Remy Durand, PhD was also appointed as Vice President, Business Development during the second quarter of 2019. Remy brings with him deep experience in biotechnology strategy, company formation, and investor relations. Prior to joining Alpine, Remy was a Vice President on the investment team at Frazier Healthcare Partners. He received his PhD from Stanford University in Bioengineering.

Financial Results for Second Quarter and First Six Months of 2019

As of June 30, 2019, Alpine had cash, cash equivalents, and short-term investments totaling $55.6 million compared to $52.3 million as of December 31, 2018. Alpine recorded a net loss of $11.9 million and $7.9 million for the three months ended June 30, 2019 and 2018, respectively, and $24.2 million and $13.2 million for the six months ended June 30, 2019 and 2018, respectively.

Research and development expenses for the second quarter ended June 30, 2019 were $10.2 million compared to $5.7 million for the second quarter ended June 30, 2018. For the six months ended June 30, 2019 and 2018, research and development expenses were $20.5 million and $9.5 million, respectively. The company expects a continued increase to research and development activities to support the clinical advancement of its ALPN-101 and ALPN-202 programs.

General and administrative expenses for the second quarter ended June 30, 2019 were $2.6 million compared to $1.9 million for the second quarter ended June 30, 2018. For the six months ended June 30, 2019 and 2018, general and administration expenses were $4.9 million and $4.0 million, respectively.

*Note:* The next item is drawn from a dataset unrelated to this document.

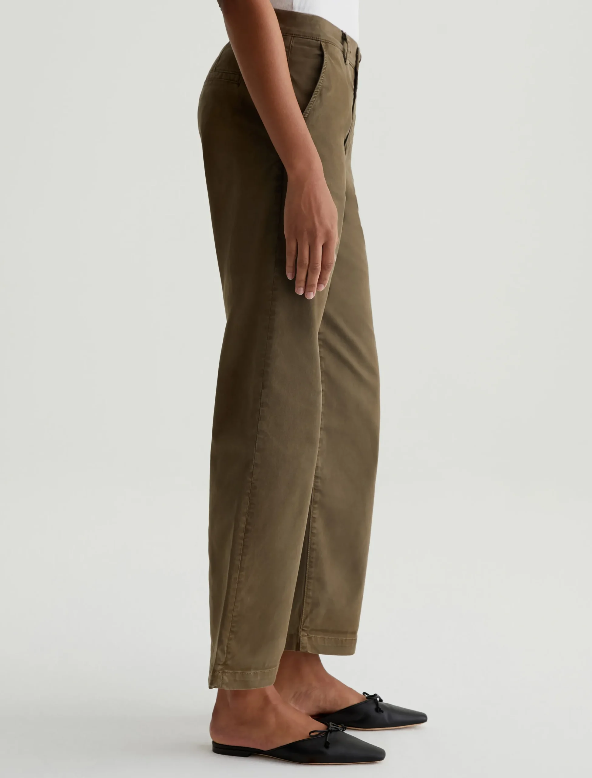 Our best-selling Caden trouser, updated in an easygoing straight-leg silhouette. Cut for a relaxed fit at the hips, these women’s tailored pants are made from 7.9 oz. Sorrento Stretch Twill in a sulfur-dyed shade of light brown. Slant front pockets and welt pockets at the back finish the look.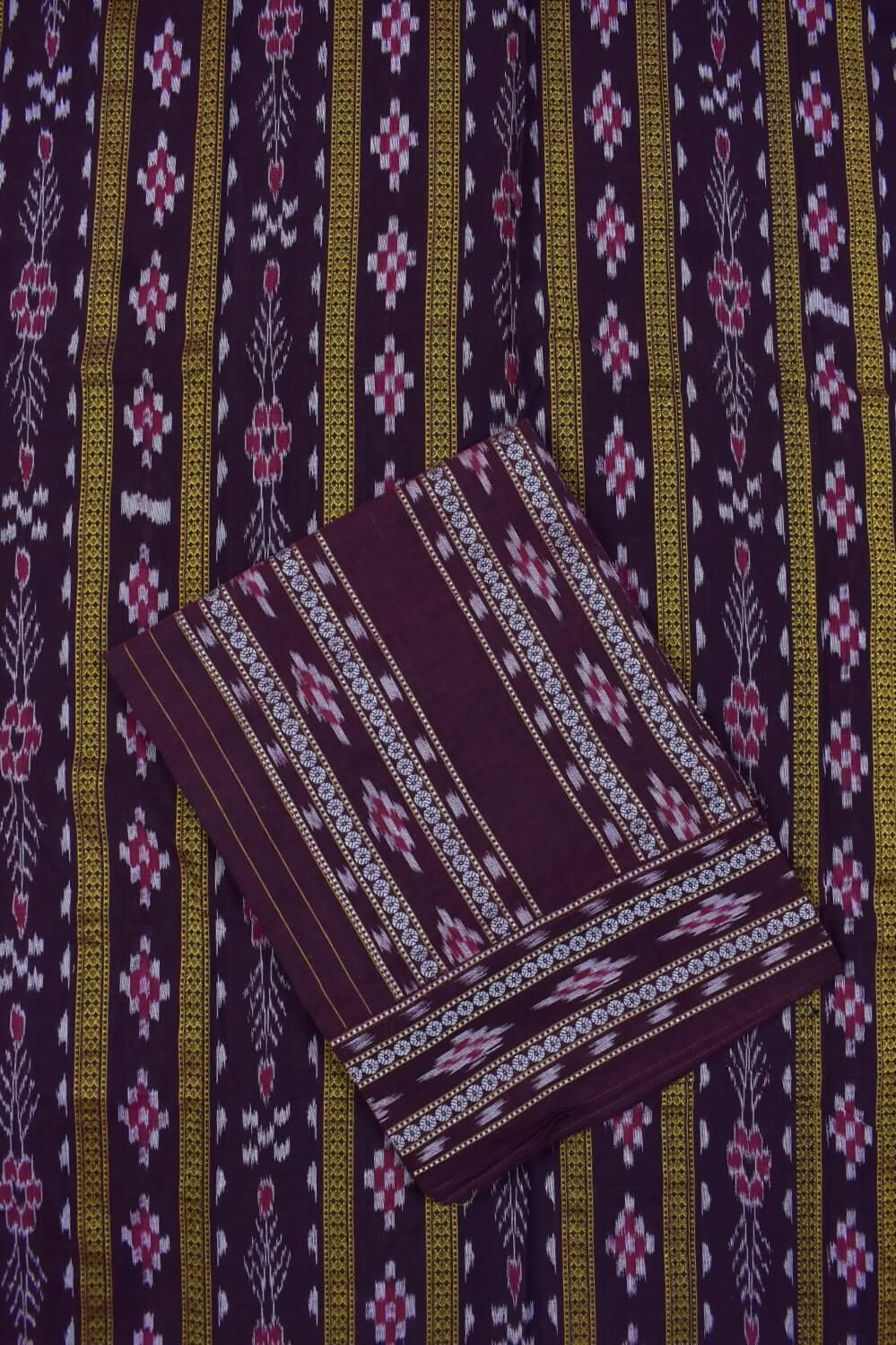 Deep Maroon Colour Pasapali Design Sambalpuri Handloom Cotton Dress Material

The increase was primarily attributable to professional and legal fees, in addition to personnel-related expenses and the costs associated with expanding the company’s operations as we continue to increase development and clinical activities.

Cash Guidance

Alpine expects to have sufficient cash to fund operations and drive the clinical advancement of Alpine’s lead programs, ALPN-101 in autoimmune/inflammatory diseases and ALPN-202 in oncology, into 2021.